XI
There came another development, to protect Vee from the possibility of boredom. Schmolsky sent her up the “continuity” of the new picture upon which she was to start work in the fall. And then suddenly it was revealed that the world’s darling knew how to read! For a whole hour she sat buried in it, and then she leaped up, ready to start rehearsing—and all the hurricanes that ever swept the province of Ontario were as nothing to the one that came now. Clear the way for “The Princess of Patchouli”!
It was a popular musical comedy which was to be made into a moving picture. “Patchouli” was one of the little Balkan kingdoms, though it looked and acted very much like Vienna of the Strauss waltzes. A young American engineer came in to build a railroad, and found himself mistaken for a conspirator, and presently he was rescuing the lovely princess from a revolutionary band—no Bolsheviks, these were aristocratic array conspirators, so Bunny wouldn’t have his feelings hurt, would he? Of course the hero carried her off, married her for love only, and then got the kingdom thrown in—the bankers who were financing the railroad bought it for him.
So here was Vee, being a princess all over the place. It was amazing to watch her work—Bunny suddenly came to realize that her success hadn’t been all money and sex, after all.
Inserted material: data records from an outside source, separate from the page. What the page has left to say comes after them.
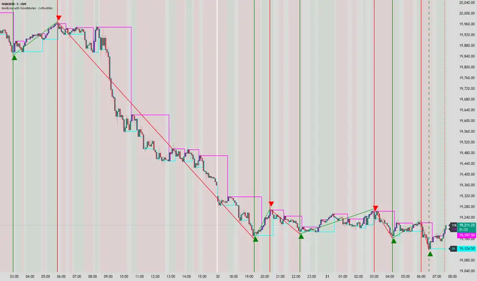Welcome traders! This guide will walk you through the Rev & Line indicator, a sophisticated technical analysis tool developed by CoffeeKiller that combines multiple methodologies to identify market pivots, trends, and potential reversal points.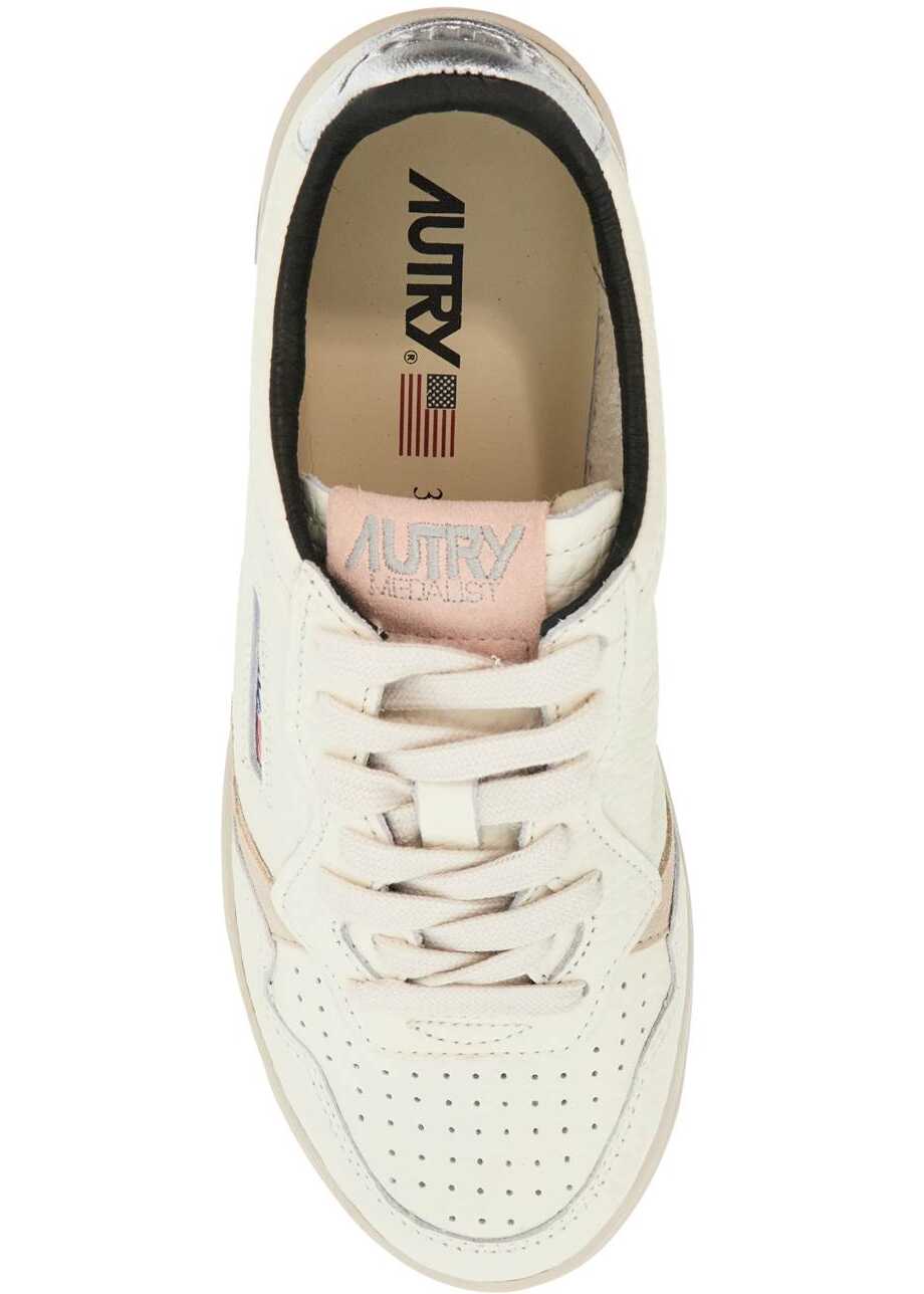 The Autry Medalist sneakers are made of embossed leather with contrasting detail and spoiler. They feature a classic logo inlay on the side, front lacing, suede logo patch on the tongue, and a sponge interior with a removable leather insole. The sole is made of rubber.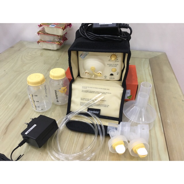 Thanh lý máy hút sữa đôi Medela, full phụ kiện, lực hút mạnh, hàng chính hãng, máy nhỏ gọn thích hợp cho tới công sở, VP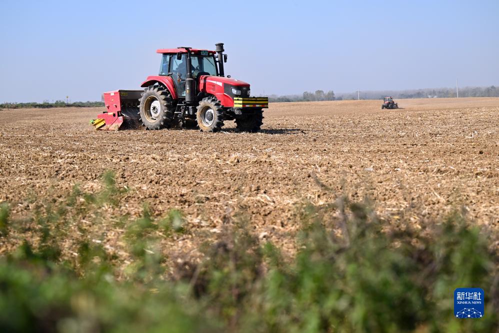11月2日,在合肥市蜀山区小庙镇,农民驾驶农机在田间播种小麦。新华社记者 周牧 摄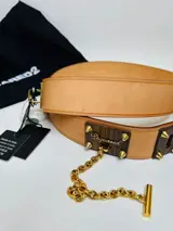 Introductie van de slanke en stijlvolle Dsquared2 leren riem, gemaakt van hoogwaardige materialen voor een verfijnde look. Deze riem heeft een uniek ontwerp, een combinatie van hout en goudkleurige metalen accenten voor een vleugje luxe. De gladde leren band voegt een vleugje elegantie toe aan elke outfit, terwijl de gesp van hout en metaal voor een uitgesproken en moderne look zorgt.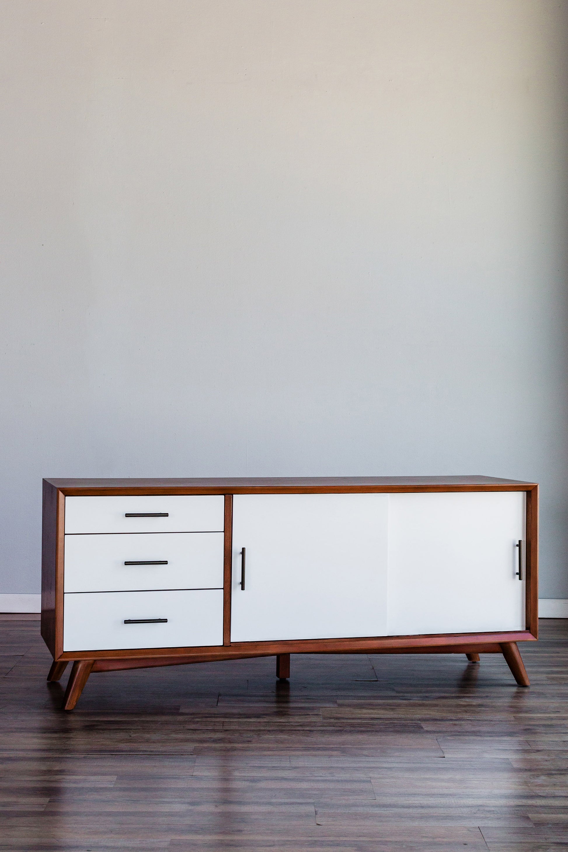 The Flynn collection features the classic lines of Mid-Century Modern furniture that never goes out of style. Its sturdy frames are built to last, constructed of sustainably sourced solid Mahogany wood and Veneer to ensure a lifetime of use. The TV console provide a roomy storage solution featuring 3 drawers and media cabinets with rolling doors to hold your valuables and electronic devices. Drawers are made with English Dovetail construction and ball bearing metal drawer glides. The Flynn collection makes it easy to create a cohesive decorating style or mix and match for a more personalized look. Available in a beautiful two-tone Acorn (Brown)/White, Acorn (Brown) or all White finish.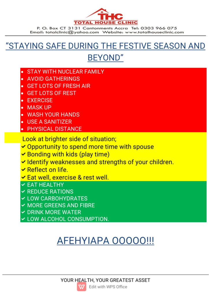 Total House Clinic wish you AFEHYIAPA OOOOO!!!. Health tit bits to help you Stay safe during this festive season and beyond.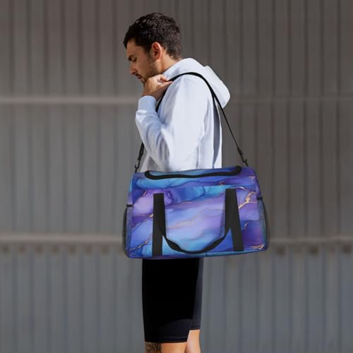 HOT ! Purple Blue Marble Texture Travel Duffel Bag with Strap Multi Pockets Sports Bag Handbag Large Shoulder Bag for Gym Weekend Fitness Camping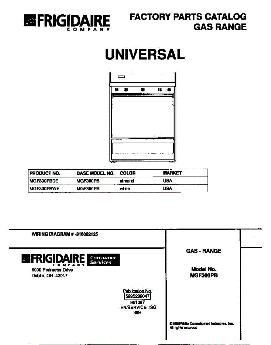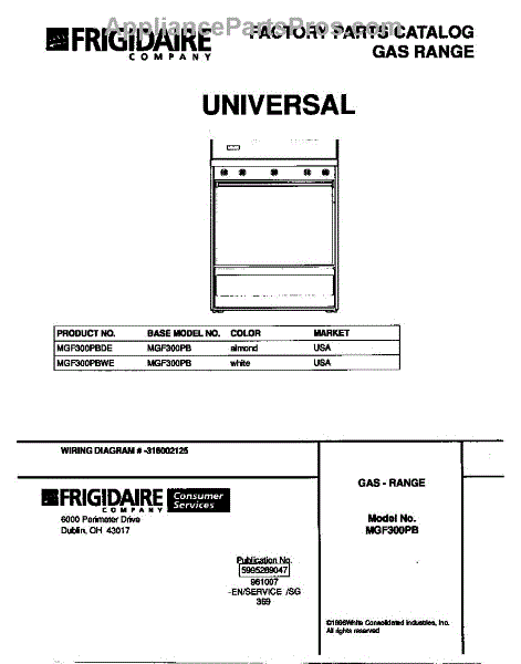 Parts for Frigidaire MGF300PBDE: 01 - Cover Parts

She pounced onto the role like a tiger-cat, and when she got going the rest of the world ceased to exist—except to the extent that she needed it for a foil. “Now, Dad, you’re the king; you walk in here—no, no, for God’s sake, kings don’t walk so fast! And I have to fall at your feet, and plead for his life, ‘Oh, mercy sire, and so-and-so, and so-and-so, and so-and-so!’ ”
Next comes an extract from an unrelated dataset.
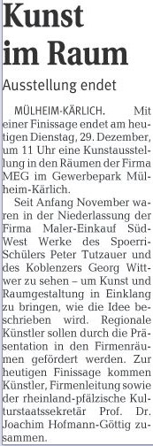 29.12.2009: Ausstellungsende Mülheim-Kärlich “Kunst und Raumgestaltung im Einklang”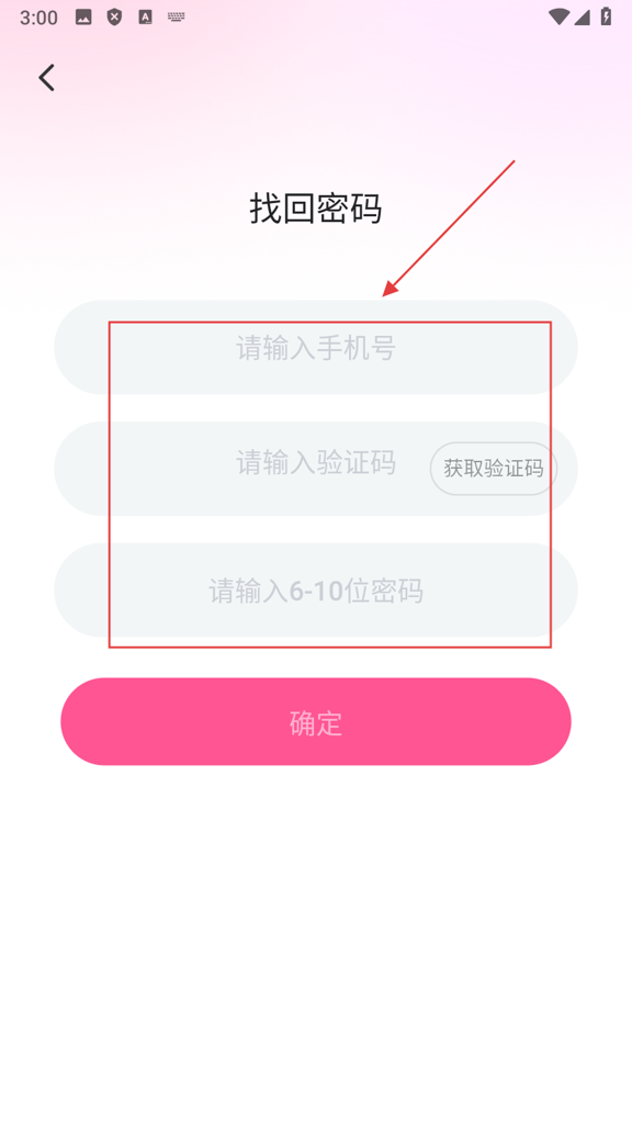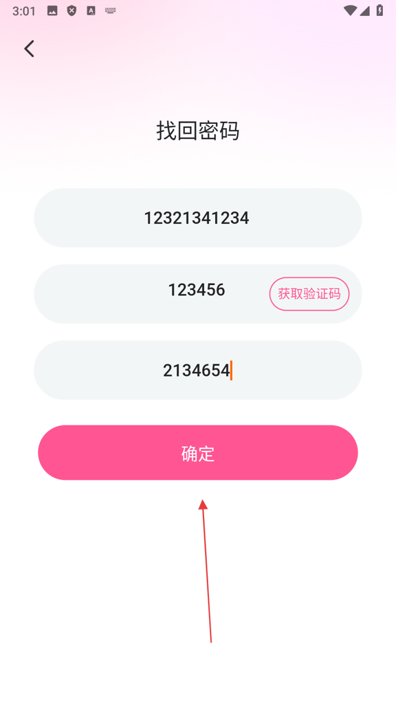 在找回密码页面,依次【输入手机号、验证码和新密码】,准备完成密码找回。

It is one of the peculiarities of motion picture acting that it doesn’t matter what you say, so long as you are saying something; so Vee would weep, “And so-and-so,” and she would croon “And so-and-so” in passionate love-accents to either Bunny or Apple, and she would shriek “And so-and-so” in deadly terror to an executioner with uplifted axe. And if in the course of the scene the other person didn’t do it right, then scolding and commands would serve equally well for a love-song, “Hold it, now, you idiot, I adore you, darling”—or maybe it might be, “Take your hands off me, foul beast—don’t let go, you goose, grab! That’s better, you don’t have to be polite when you’re a murderer.”
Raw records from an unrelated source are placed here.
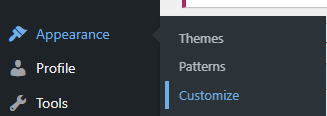 We are going to make a start with the top-level WordPress website styles. Go to Appearance Menu > Customize. This will open the settings screen below, the following tabs need to be visited.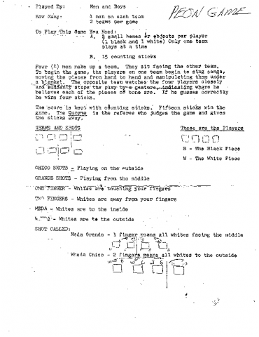 Typescript document and handwritten notes describing the setup and rules for the Peon Game, played by eight men and boys with bones and counting sticks.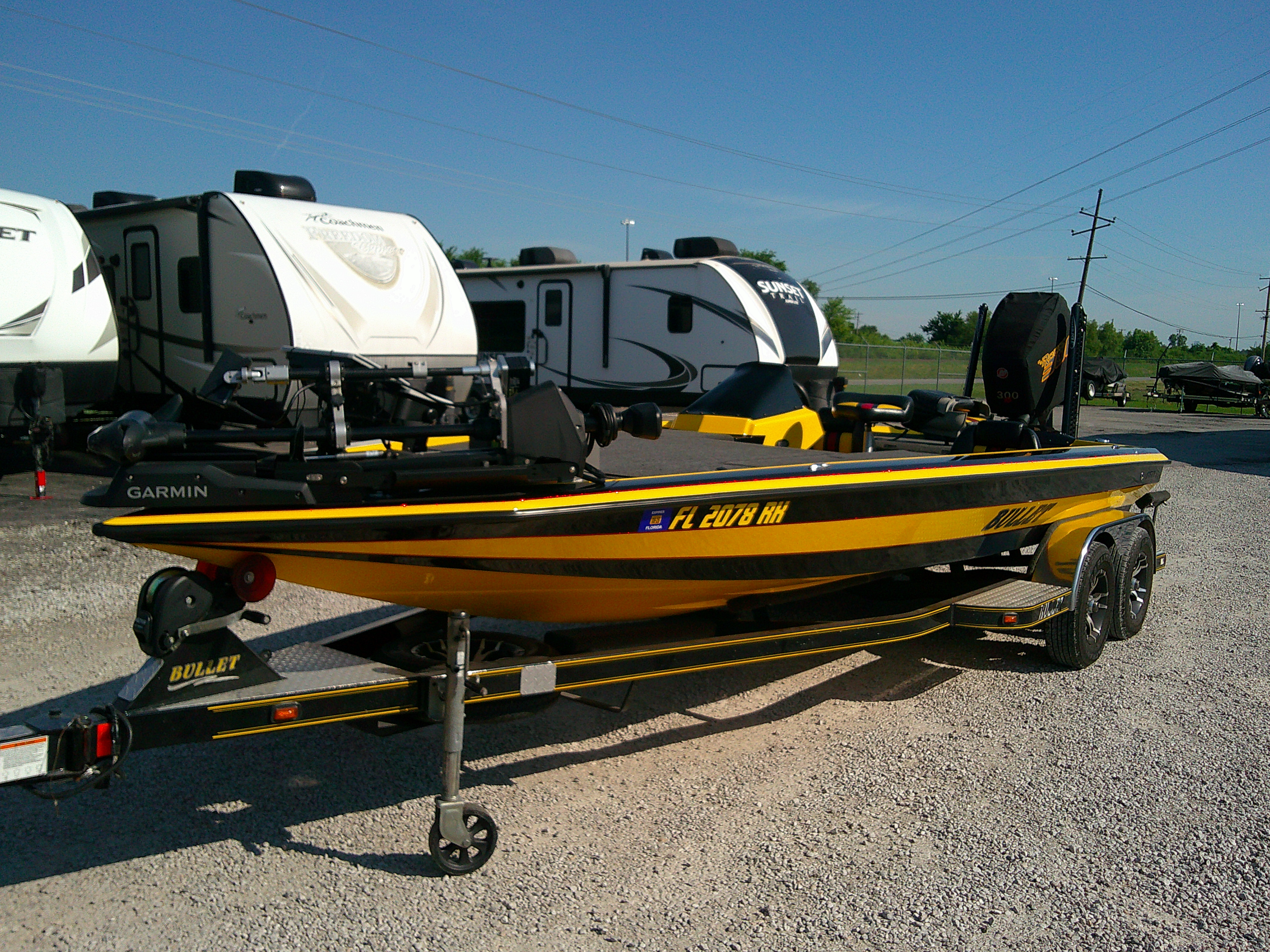 2017 Bullet, 21XRD, powered by a Mercury 300, sportsmaster lower unit, Garmin trolling motor, Livescope with LiveFoot turret, Garmin 16, Garmin 10 at bow, Garmin 10 at console, hot foot, double pro trim, Atlas hydraulic jackplate, dual powerpole with remotes and stomp switches. Custom cover--very clean boat. Lithium batteries for all electronics and trolling motor. AGM starting battery.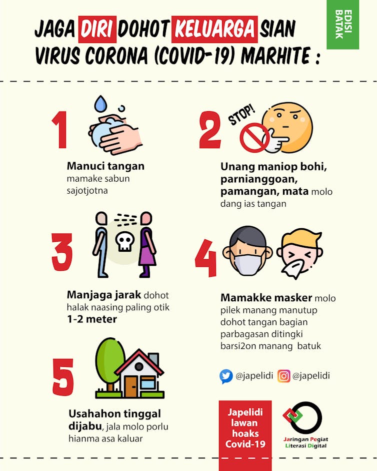 Kampanye cegah corona dalam 42 bahasa daerah yang dilakukan oleh Jaringan Pegiat Literasi Digital (Japelidi). Japelidi, CC BY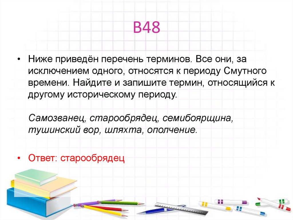 • Ниже приведён перечень терминов. Все они, заисключением одного, относятся к периоду Смутного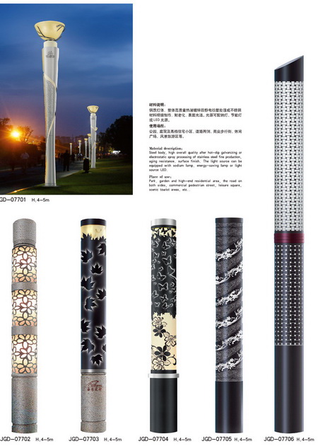 景觀燈分類:城市標志性景觀燈、仿古景觀燈、鏤空現代景觀燈、不銹鋼景觀燈、藝術造型景觀燈等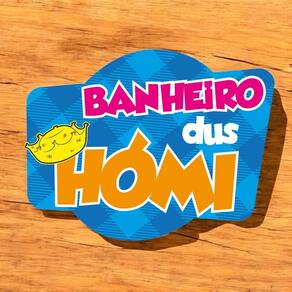 Fundo azul com estampa xadrez, remetendo ao estilo caipira. Texto chamativo e divertido: BANHEIRO em vermelho, dus em branco e HÓMI em laranja com contorno branco. Ilustração de um chapéu amarelo no canto esquerdo, reforçando o tema junino.

If Bunny had wanted to rehearse tempestouous emotions, and shriek and scream and tear his hair, he would have sought refuge in the woods, where only the chipmunks could have heard him. But Vee was utterly indifferent to the existence of other humans. That is something one learns on “the lot”; for there will be camera-men and scene-shifters, and property-boys, and carpenters working on the next set, and some visitors that have managed to break in despite the strictest regulations—and you just go on with your work. The first time the executioner lifted his axe and Vee started screaming, the Indian guides came running in alarm; but she hardly stopped even for a laugh, she went on with the scene, while they stood staring with mouths wide open. She and her two lovers would come in from swimming, and suddenly she would call for a rehearsal of some royal pageantry—she could be a princess just as well in a scanty bathing suit, with a carpet of pine-needles under her bare feet.
Mr. Appleton Laurence had never met any princesses, but he had read a great deal of history and poetry, and so he was an authority, and must criticise her way of walking, her gestures, her attitudes, her reaction to the love-advances of a handsome young American engineer. “Just imagine you’re in love with me yourself, Appie,” she would say—and so his emotions became sublimated into art, and he could pour out his soul to her, right before Bunny and Dad and Dad’s secretary and the Indians! “You’re much better at it than Bunny,” she would declare. “I believe he’s got used to me, it’s as bad as if we were married.”
So the time passed pleasantly. Until at last Vee had got to feel perfectly at home in her Appie’s conception of royalty; she no longer had to ask questions, nor to stop and think, but knew instantly what to do—and forever after, in all her entrances to and exits from Hollywood society, she would be a little of a Harvard instructor’s Princess of Patchouli. She was impatient now, wanting to see the sets, and to hear Tommy Paley call, “Camera!” Bunny also was loaded up with answers to all possible exam questions, and ready to get back and unload them onto his professors. Dad had run down to Toronto, and signed the last of the papers for his Canadian corporation; he had telegrams from Verne almost every day—the strikers, having held out for nearly four months, had learned their lesson, and the Federal Oil Board had written them a letter, advising them to go back to work as individuals, and promising there would be no discrimination against union men.
Then one day the steamer brought a telegram signed Annabelle, addressed to Bunny, and reading, “Spring lamb for dinner come on home.” He explained what that meant, the strike was over; and so the occupants of the camp packed up, and Mr. Appleton Laurence went back to his fair Harvard, with woe in his heart and a packet of immortal sonnets in his suit-case, while Vee Tracy and Dad and Bunny and the secretary made themselves luxurious in compartments on a Canadian-Pacific train bound West.